D. Plaintiff Has Not Shown the So-Called “Fallback Venue Statute” Can Establish Venue
Plaintiff finally argues, based on a statement from Micron in briefing for a different action, that there “is no venue where Micron and Avnet can be sued together under the patent venue statute,” such that there is a “venue gap” to which 28 U.S.C. § 1391(b)(3) should apply to establish venue in this case. (Dkt. No. 155 at 16-17.) Micron responds that § 1391 is a general venue statute which does not apply to Plaintiff’s patent claims in this case. (Dkt. No. 157 at 9.) This Court has previously established that “28 U.S.C. § 1400(b) is the ‘sole and exclusive provision controlling venue in patent infringement actions’ and is not supplemented by the general venue statutes.” MyChoice LLC v. Taiv, Inc., 2025 WL 899316, at *1 (E.D. Tex. Mar. 24, 2025) (quoting TC Heartland, 581 U.S. at 266). Strangely, Plaintiff’s cited cases involve unique venue concerns that arise exclusively in suits with “foreign corporations… us[ing] § 1400(b) as a shield against suit in a particular district court,” which is not the issue before this Court. See, e.g., In re HTC Corp., 889 F.3d 1349, 1357-57 (Fed. Cir. 2018) (emphasis added) (referring to unique issues
arising in suits against foreign defendants as the “alien-venue rule”). Accordingly, Plaintiff’s invocation of § 1391 in this case is unavailing. E. Transfer If venue is improper, the Court must dismiss the case, “or if it be in the interest of justice, transfer such case to any district or division in which it could have been brought.” 28 U.S.C. § 1406(a). Micron argues that “the interests of justice favor dismissal, not transfer, because cases are pending in the District of Delaware between Micron and Netlist over both the ’087 and ’731 patents,” and there is no risk Plaintiff will face a statute of limitations or forfeiture of its rights as a result of dismissal. (Dkt. No. 28 at 10.) Plaintiff does not respond to this argument in its responsive brief or otherwise address whether it asserts this case should be transferred versus
dismissed. (See generally Dkt. No. 155.) While the above analysis points to the result that, under these facts, venue is not proper within this District, the Court is bound to consider the interests of justice.
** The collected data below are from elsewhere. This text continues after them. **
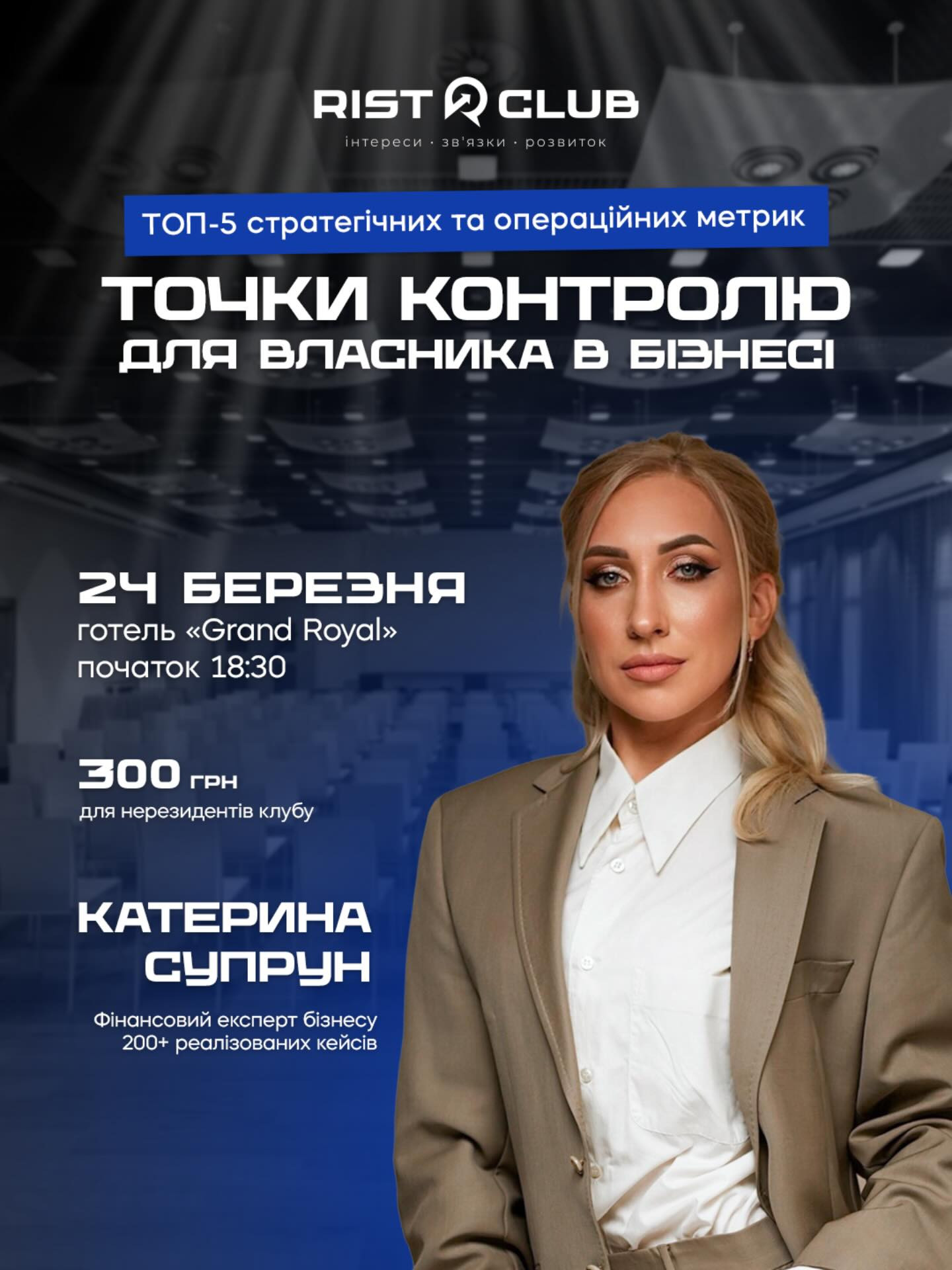 Запрошуємо на зустріч із Катериною Супрун - фінансовою експерткою з бізнесу та власницею консалтингової компанії з побудови управлінського обліку та фінансових систем для бізнесу.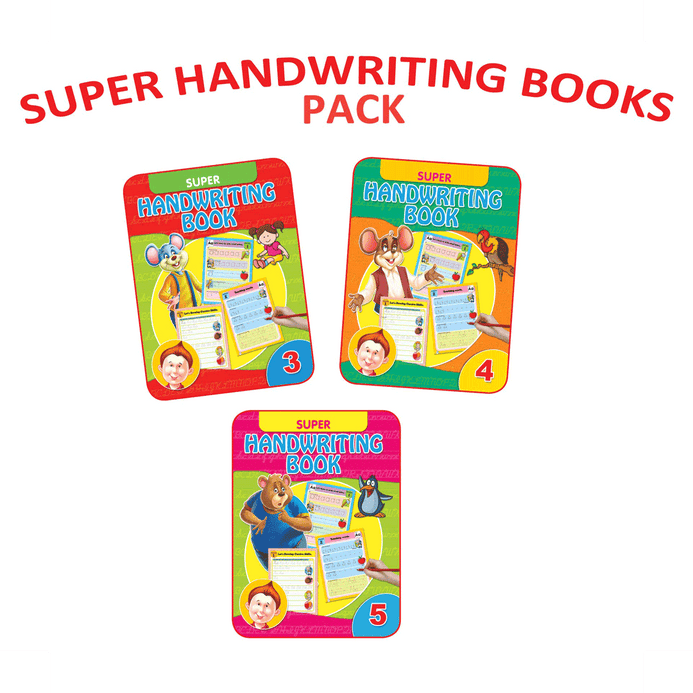 Great educational complement for primary school children ‘Super Handwriting Books Pack’ is a fun and innovative resource to teach kids writing each letter of the alphabet, combining letters to make words, and forming sentences with easy-to-follow directions. This is the perfect set of books to give beginner learners a head-start with 60+ pages of tracing and writing practice in each book. • Ideal for age-group 3-5 • A set of three books having 64 pages each • Cute cover design • Colourful presentation Organised in a progressive skill-building way these amazing handwriting practice books will help children develop their confidence to write neatly and improve their hand-eye coordination and motor skills.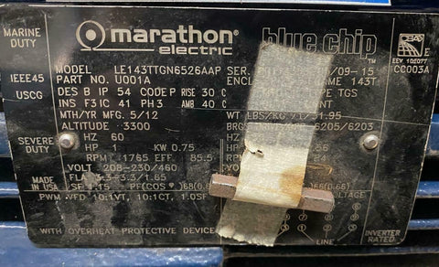You are Purchasing a Marathon Electric 3-Phase AC Motor. Model: 143TTGN6526AAP U001A This Motor is in Great Condition and Fully Guaranteed. We would gladley load it on your truck at no charge or help you plan the most economical delivery.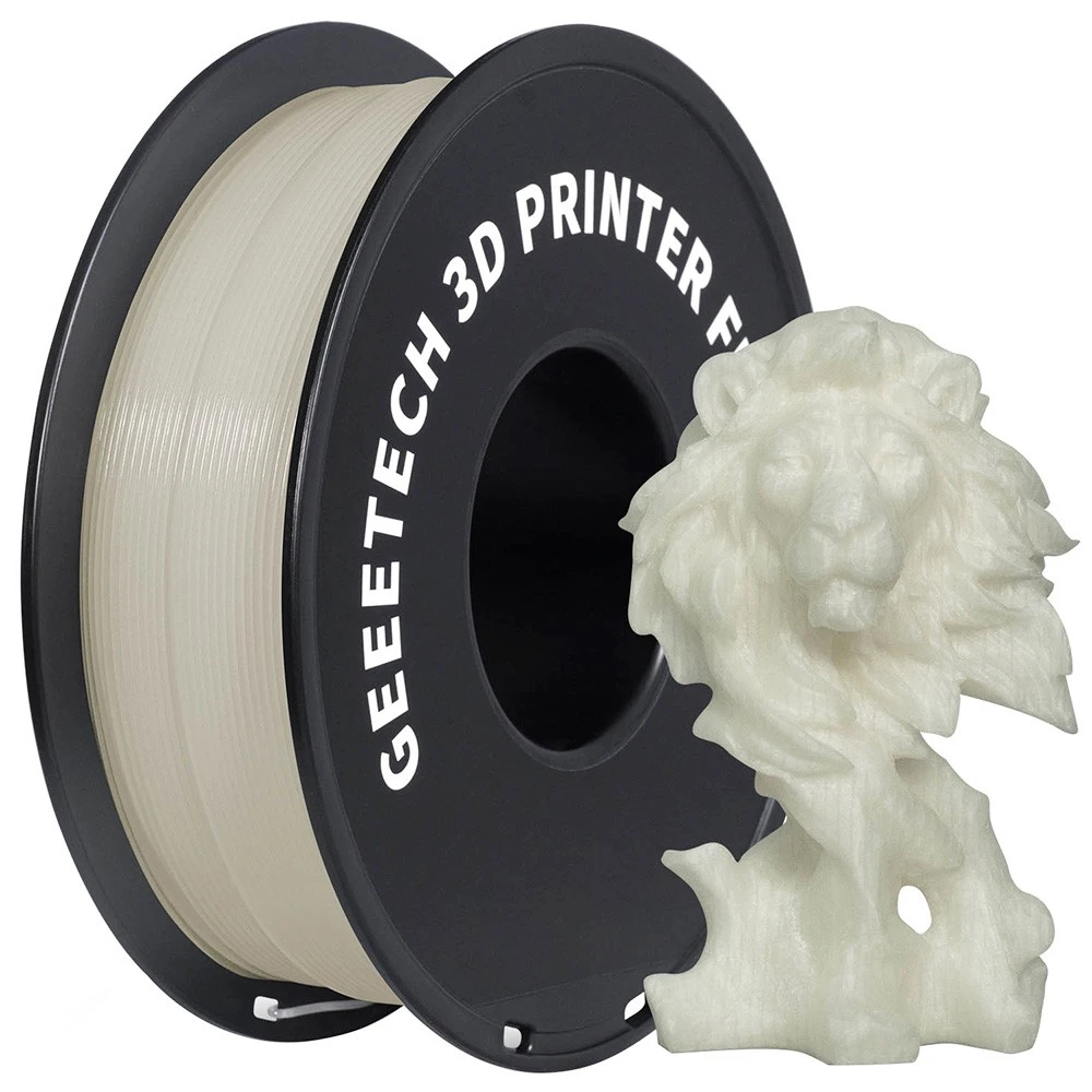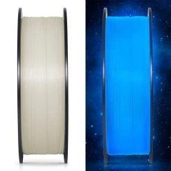This filament contains phosphorescent materials that glow in the dark after absorbing light energy. Exposure to strong sunlight or UV light for only 30 minutes will get an amazing glow effect, but too long exposure time may damage the glowing filament.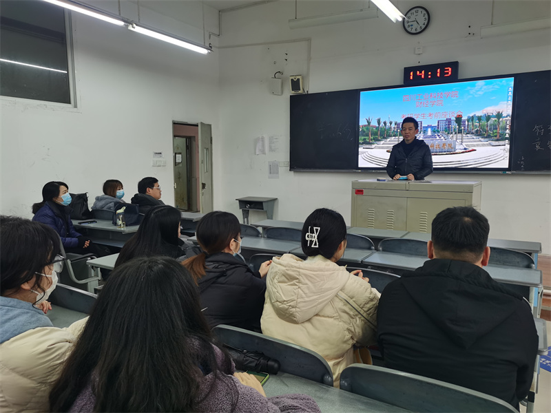 为了解考研学生情况,做好考前动员工作,12月10日下午,财经学院先后于罗江校区钟灵103,东校区10栋603召开考研学生考前座谈会。财经学院党总支副书记杨永岗、学院教学秘书韩未斌、全体毕业班辅导员以及留校备考的学生参加本次座谈会。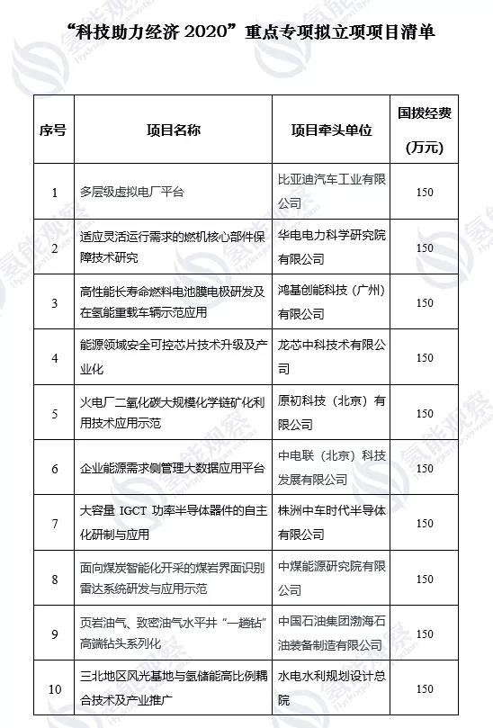 其中,10项应用中有2项与氢能相关:高性能长寿命燃料电池膜电极研发及在氢能重载车辆示范应用、三北地区风光基地与氢储能高比例耦合技术及产业推广。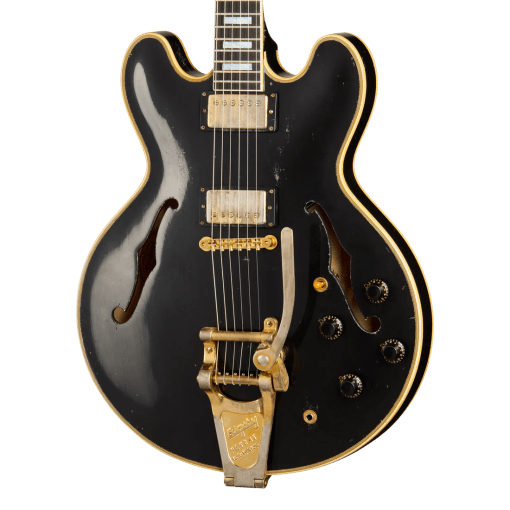 En cuanto a guitarras signature, esta es difícil de superar. La ES-355 tiene algo especial: los herrajes dorados, el estilo tuxedo de la incrustación de diamante dividido en el clavijero, el ribete multicapa y las incrustaciones de bloque en el diapasón de ébano, y el Bigsby B7 le da un toque rockero.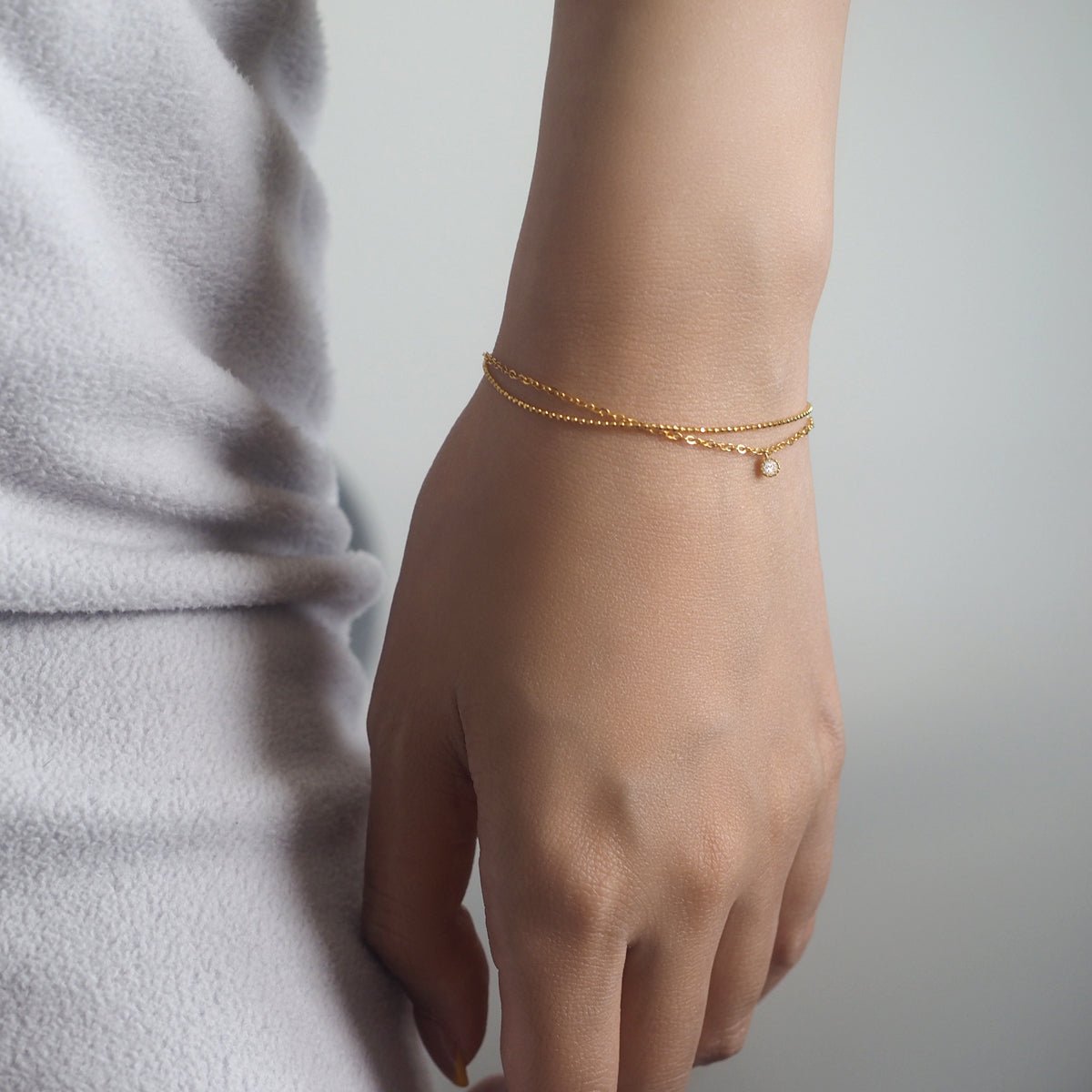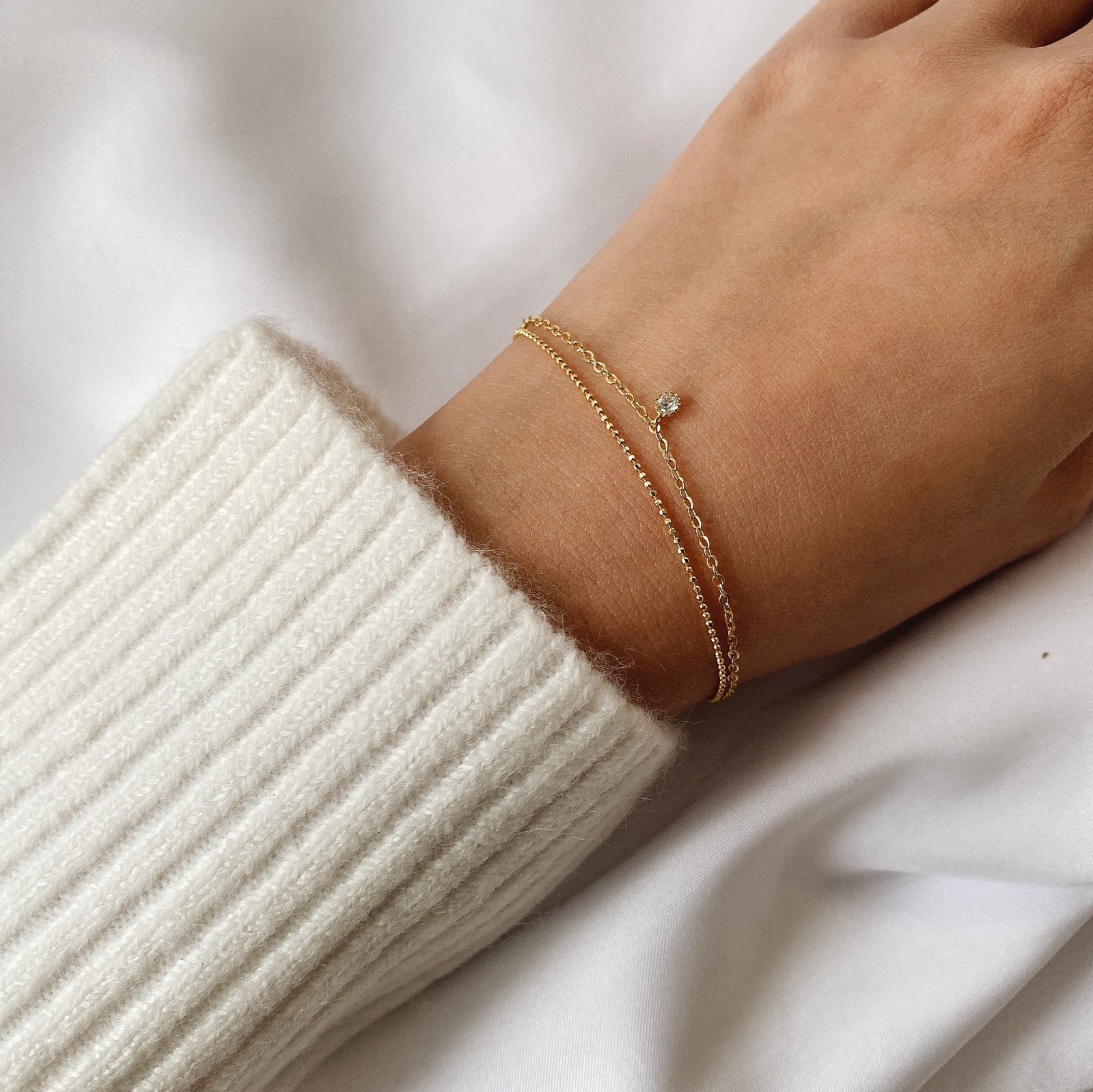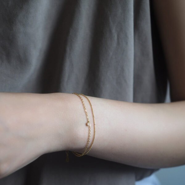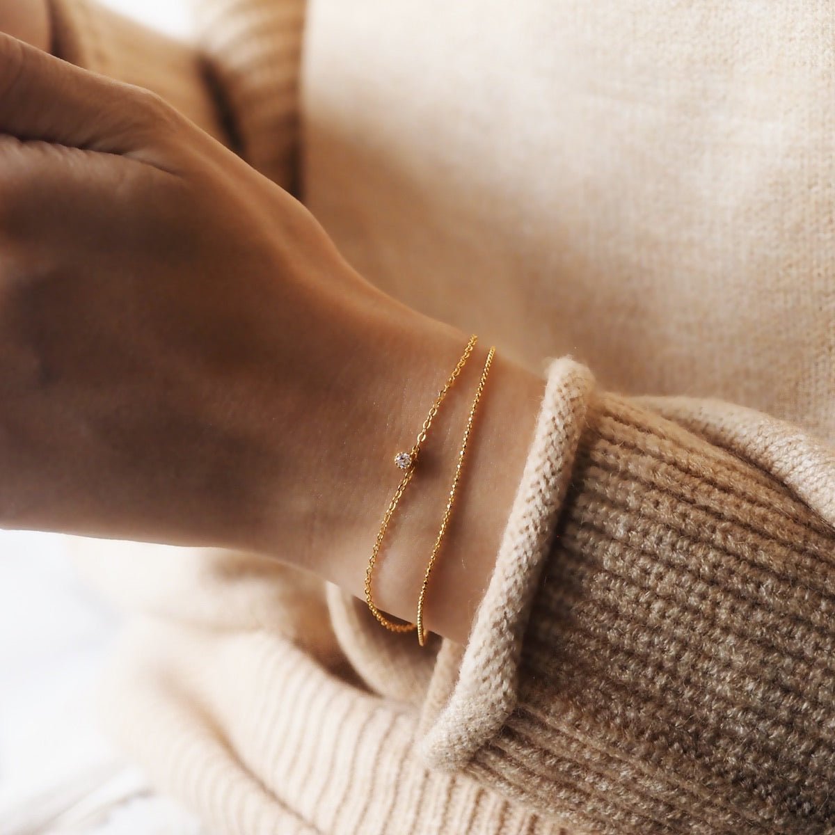 ? Delicate two layered gold bracelet looks great alone or layering with other bracelets. A perfect piece to get that simple chic look.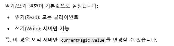 NetworkVariableReadPermission.Everyone, // 모든 대상자가 읽을 수 있는 권한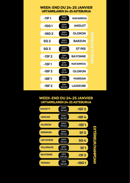 MATCHS DU 24–25 JANVIER / URTARRILAREN 24-25 MATXAK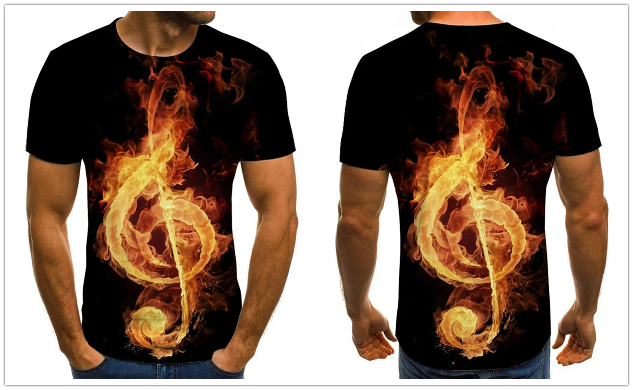 Модная мужская футболка с 3D-принтом музыкальных символов, повседне...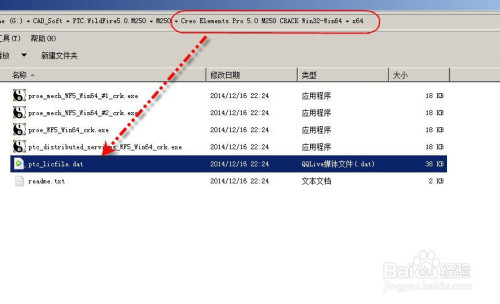 在安装文件中找到【Creo Elements Pro 5.0 M250 CRACK Win32-Win64】目次,本文以64位系统为例,在目次中找到【x64】子目次下的【ptc_licfile.dat】,若是是32位系统则对应【x86】目次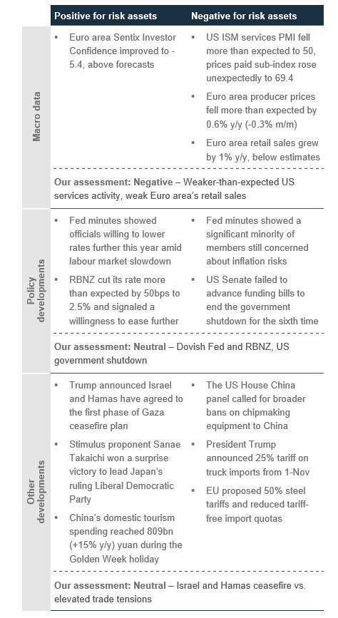 Rationale: G3 government bond yields (US, Europe, and Japan) rose over the past week amid political changes in Japan and France. In Japan, Sanae Takaichi won the LDP leadership election. She is pro-stimulus, and that may delay Bank of Japan’s rate hikes. There are concerns that this may lead to increased Japanese government bond (JGB) issuance to cover deficits. In France, Prime Minister Lecornu resigned after failing to form a cabinet and secure budget agreements in a fragmented National Assembly. The shift in sentiment also impacted US government bonds, particularly in October, which has historically been a weak-performing month, due to increased supply of long-duration bonds.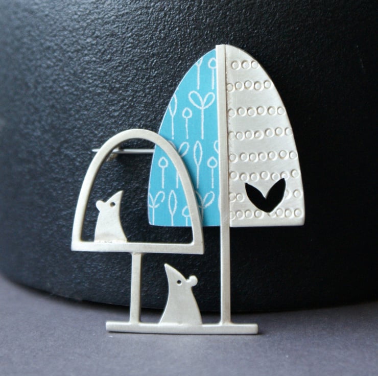 A cute brooch featuring 2 stylised trees and a 2 mice hand crafted from sterling silver and aluminium.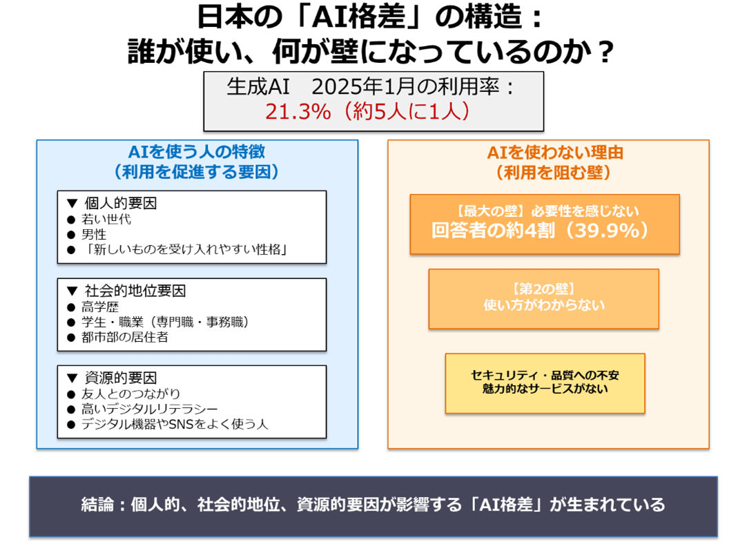 これらの結果から、生成AIの非利用は単なる「関心の欠如」ではなく、年齢や教育、デジタル環境に根ざした構造的な格差の表れであることが明らかになりました。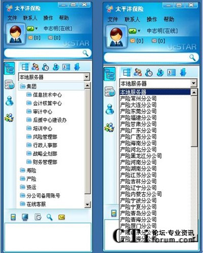 覆蓋全國的太平洋保險不僅在各省的城市有分公司,其分支機構也遍布全國各個區(qū)縣。如何將各項政策快速有效地傳達給各個分支機構,成為保險公司信息總部一直探索的一條“路”。如何讓基層機構也能參與日常的各項大大小小的會議,如何讓分布在全國的企業(yè)員工接受良好的培訓?傳統(tǒng)的通訊手段似乎難以滿足需要。中國太平洋保險(集團)股份有限公司是全國性股份制商業(yè)保險公司,成立于1991年4月,總部設在上海。大部分分公司已經自行使用很多即時通訊產品,但由于系統(tǒng)分散,各分公司管理能力存在差異,造成目前CPIC內部即時通訊軟件使用相對比較混亂,部分員工還存在使用MSN、QQ的現(xiàn)象,這種現(xiàn)象已經給公司安全生產帶來了一定的隱患。為此,太平洋保險集團的應用理應跳出即時通信的應用,選擇一個擴展性、控制性、可管性強大的通信平臺。

Having done so, the Court is persuaded that the interests of justice dictate that rather than dismissal, this action should be transferred to the District of Delaware, which is familiar with these parties, their counsel, and their claims. The District of Delaware is a district where this action could have properly been brought initially. IV. CONCLUSION For the reasons stated herein, Micron’s Motion (Dkt. No. 28) is GRANTED, and the above-captioned Member Case No. 2:25-cv-00558-JRG is TRANSFERRED to the District of Delaware. All requests for relief between the Micron Defendants and Plaintiff not expressly granted herein are DENIED AS MOOT.’ To facilitate transfer, this Member Case and Lead Case No. 2:25-cv-00557 are deconsolidated. The Clerk is ORDERED to transfer this case as set forth above, instanter.
So ORDERED and SIGNED this 6th day of March, 2026.
RODNEY GILSTRAP \ UNITED STATES DISTRICT JUDGE
T Avnet’s Opposed Motion to Sever and Stay (Dkt. No. 99) remains in place and should be considered by the Transferee Court.